An advantage to this whole framework is that you could write something that would allow people to mark commercials by hand and after doing it on a few you would have some data in which to build a custom model based on that channel, or that show... all the probability distributions and transistion probabilities could be learned rather than having to tweak them via the "scientific method" (that was not meant as a jab at Jeri's earlier post with that comment but as an appreciation of what a pain it is to fiddle in parameter space with any program that takes more than 15 seconds to run as I have done the last few days). I think in the end the only non learnt parameter might be sigma in the laplacian. Of course in the end you might need to do some of the tossing out that you did in the past....
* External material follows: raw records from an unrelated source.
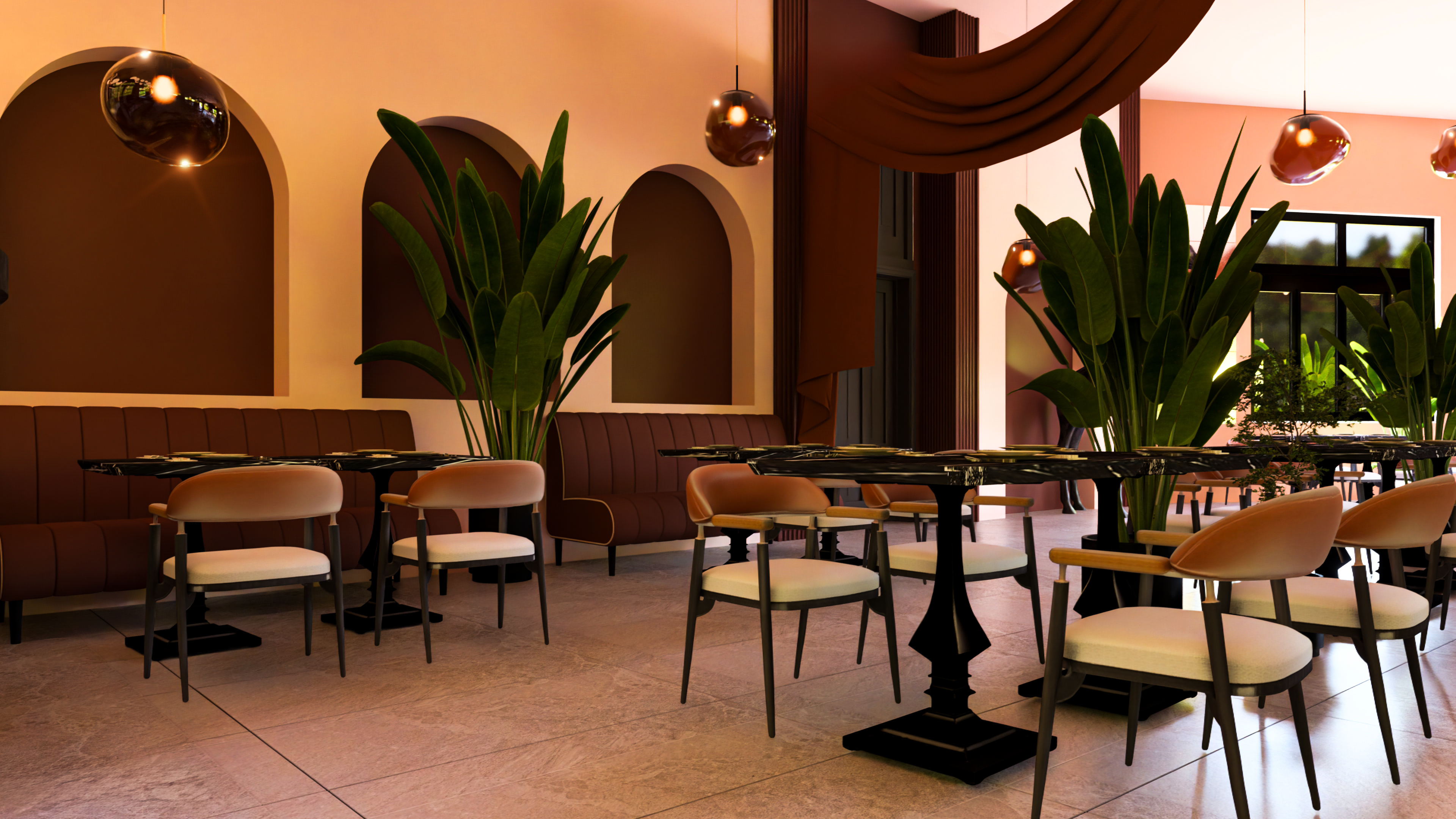 a realistic restaurant italian painted bronze patterned walls a darker color inside the niche salmon color throughout the walls a stylish ambiance soft and stylish lighting gently refracted sunlight a light marble texture on the floor
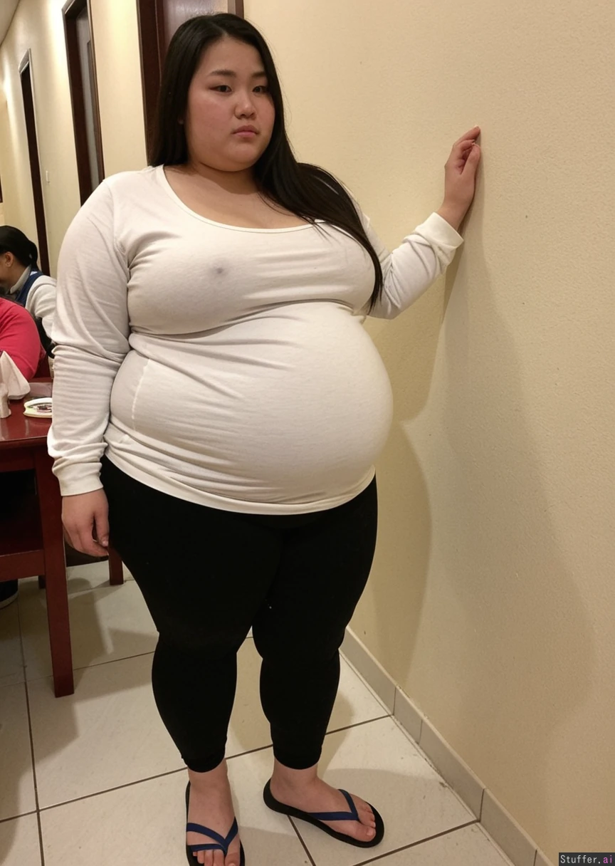 Chinese girl, morbidly fat , dark, swollen face, soft_jawline, 23 y/o, long_dark black_straight greasy hair) (((fully_dressed))) ((Fat double-chin, no neck)) ((No makeup, greasy face)) wearing tight yoga pants and oversized shirt with tight sleeves.. Shes fat and her belly is hanging. Wearing slippers. Fat calves and cankles Shes waddling through her favorite Chinese restaurant. (fat_belly), (((fatty face))) (Flabby arms) Junk gross , she is sweaty
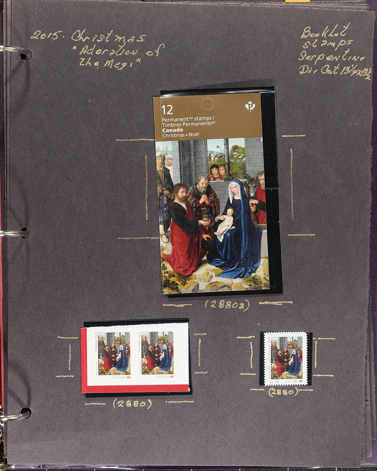 Lovely collection of primarily of mint never hinged Christmas issues, November 2015, covering Unitrade #s 2879-2883, all in hingeless mounts in roughly 15 well described pages housed in a binder. The collection primarily contains mint and used booklet stamps, part panes, complete booklets, and a few first day covers (most having lower mainland B.C. postmarks). We note a few items cataloguing $15 and up. Face value alone totals over $200.00 (noting 99x "P" stamps). A clean collection for the Canada Christmas collector. 2024 Unitrade =
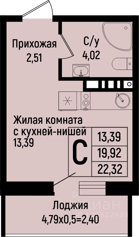 Продается студия площадью 22,32 кв.м. на 6 этаже в новом современном клубном квартале от строительной компании "КОНТИНЕНТ ГРУПП".
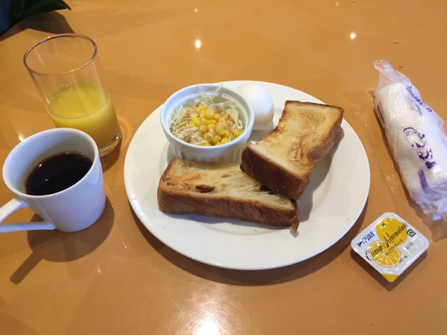 朝食はロビーのカフェで、ささやかなパンとサラダと卵。
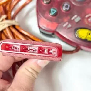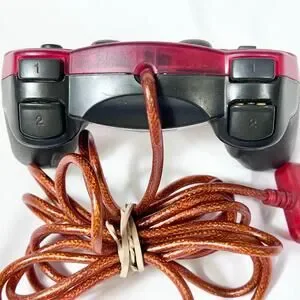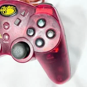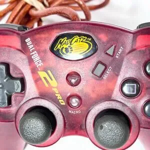 Introducing a Mad Catz PS2 Dual Force 2 Pro Turbo Controller in red for Playstation 2, wired and fully functional for gaming.
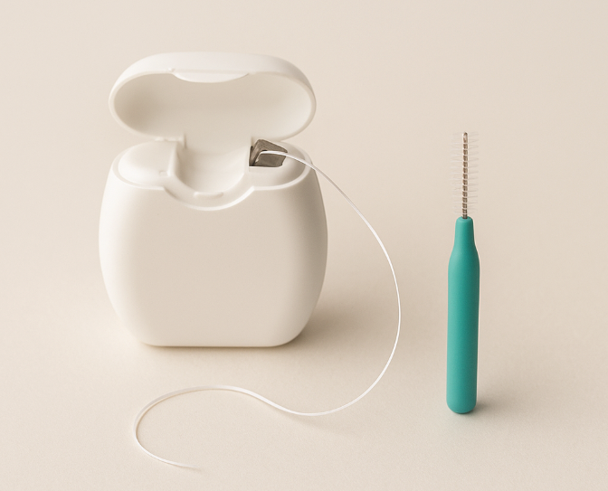 歯ブラシだけでは、インプラントと隣接する歯の間の汚れを完全に除去することは難しいです。そこで活躍するのがデンタルフロスや歯間ブラシです。
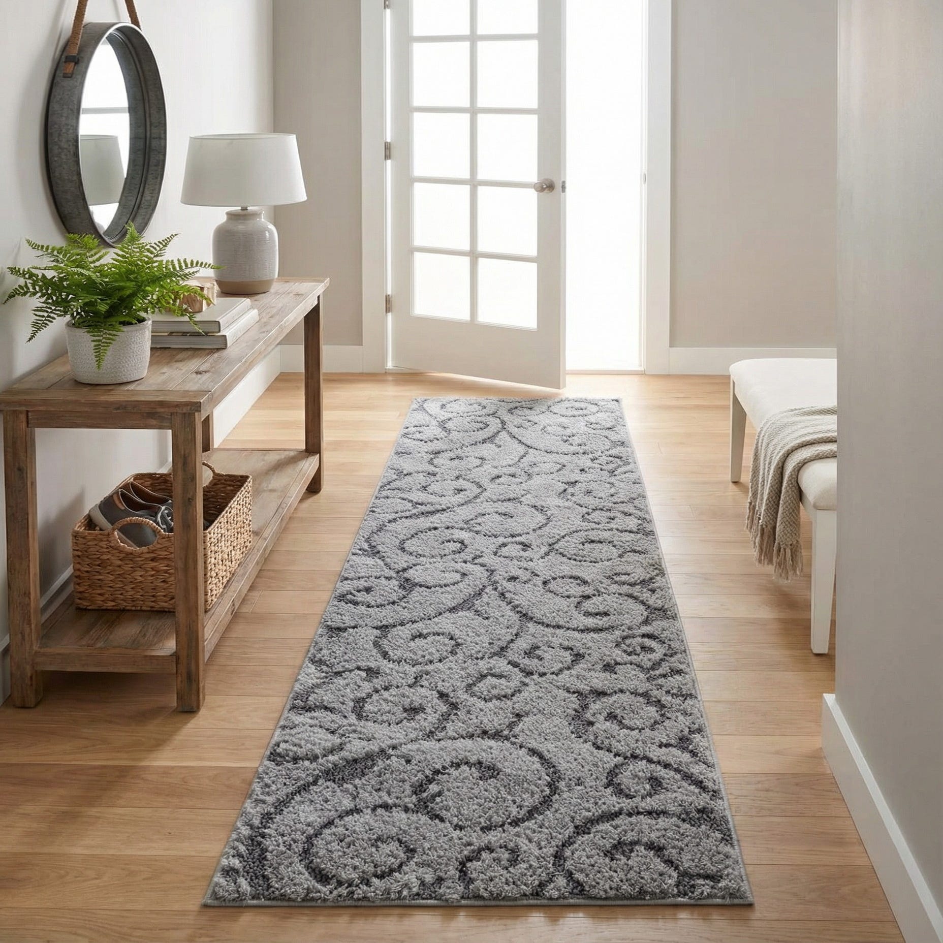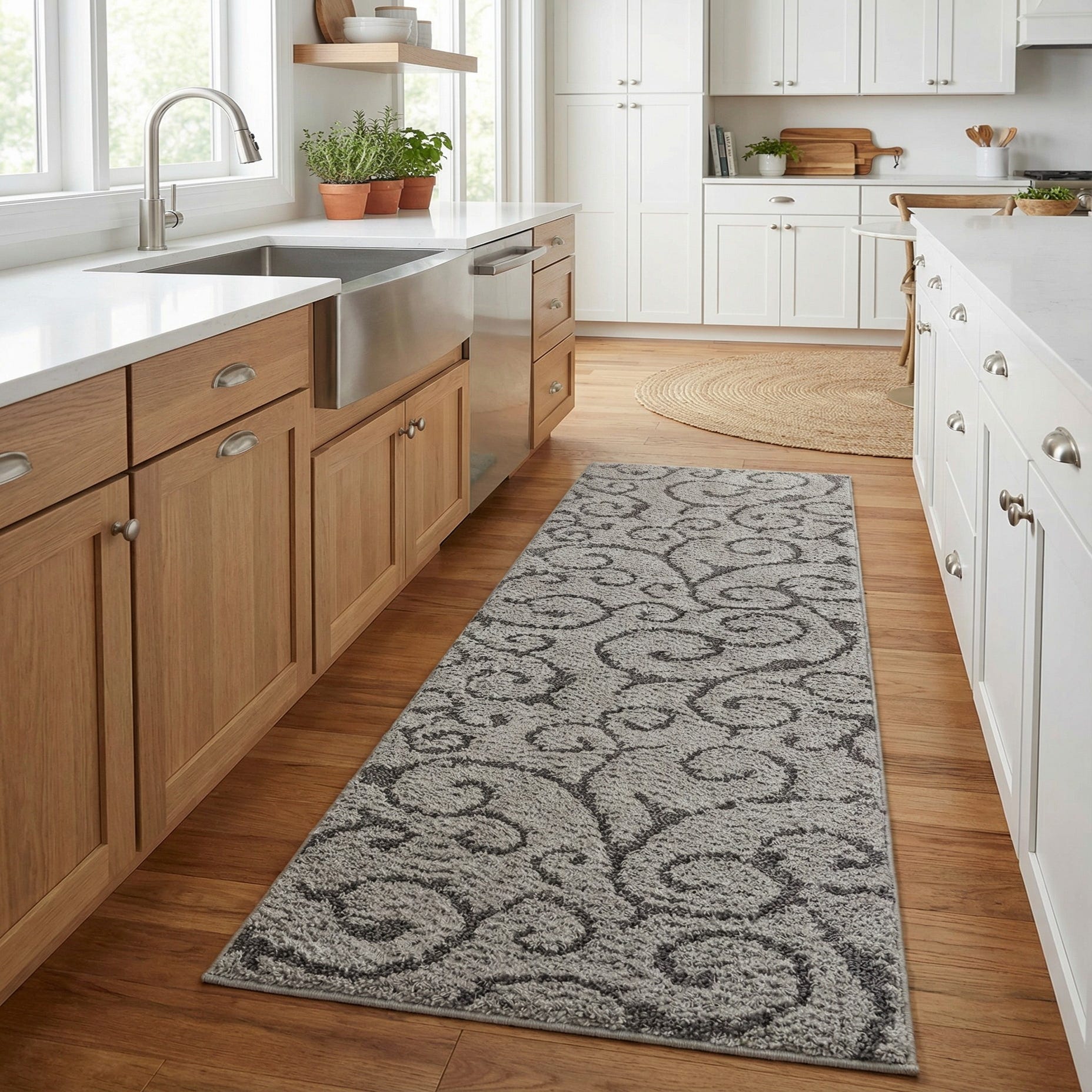 Designed as a runner, it fits long, narrow spaces—hallways, entryways, kitchen aisles or alongside a bed—where you want added softness and visual interest. The neutral gray palette pairs naturally with light oak or dark-stained floors and works well in Scandinavian, contemporary, or modern farmhouse schemes. Layer it under a slim console, place it beneath a narrow bench, or use it to tie together monochromatic furnishings and metal accents for a cohesive, textured look.
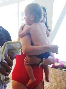 The class itself was a little chaotic. There was no clear ending to the previous class, or beginning of the next. The teacher said we'd take it easy today, to get them used to the water again. Sonja had Emmy at first, and I had Tammy. We all went into the pool, with Emmy screaming, but I encouraged Sonja to just get into the water with him. He just needed time. After a while I suggested she'd jump up and down with him, and then a smile crossed his lips. He loves jumping! At the end, when I had him, he even walked timidly over the platform to jump into the water - or into my arms, with me in the water.
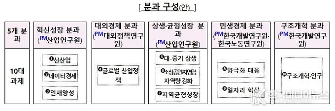 오늘 회의에서는 경인사연 소속 연구기관들이 집중 연구할 경제 대도약 10대 과제를 선별해 5개 분과로 편성하고 분과별 주관 연구기관(PM)을 지정했다. 아울러 연구 성과가 실제 정책으로 이어질 수 있도록 기재부를 중심으로 관계부처가 분과별 논의에 적극 참여해 연구기관들과 의견을 교환하도록 할 계획이다.
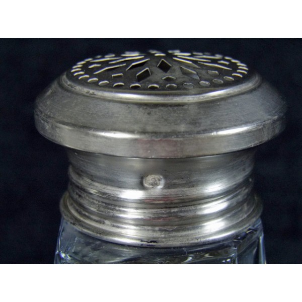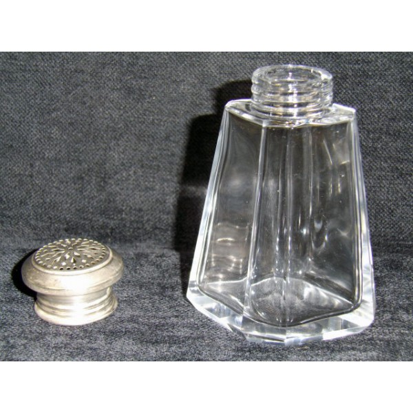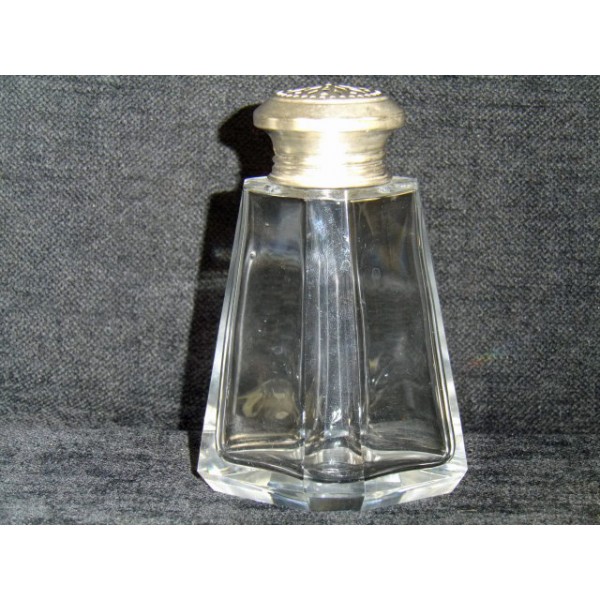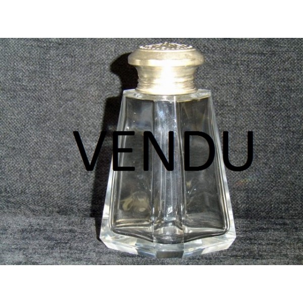 Très beau flacon verseur/ saupoudreur en cristal avec bouchon en argent massif.

For my part... I'm going to try to implement the Laplacian filter thing then set it up to output a big file with the logo score and a brightness score then work on applying a markov model to that... i might try to do that in matlab first as its sort of frustrating not to be able to easily visualize what your model is doing..... in that vein? what do you use to debug things in terms of seeing what frame is what? I got ffdshow to display a framenumber when i'm playing back a show.. but i'm not sure how accurate it is, and since I think mpeg2 is a variable bit rate encoding, I don't know how to skip forward in the buffer to just use the out of the box mpeg2dec to skip to a certain frame, and doing division to convert from time to frame is tedious and inexact...what are you guys using?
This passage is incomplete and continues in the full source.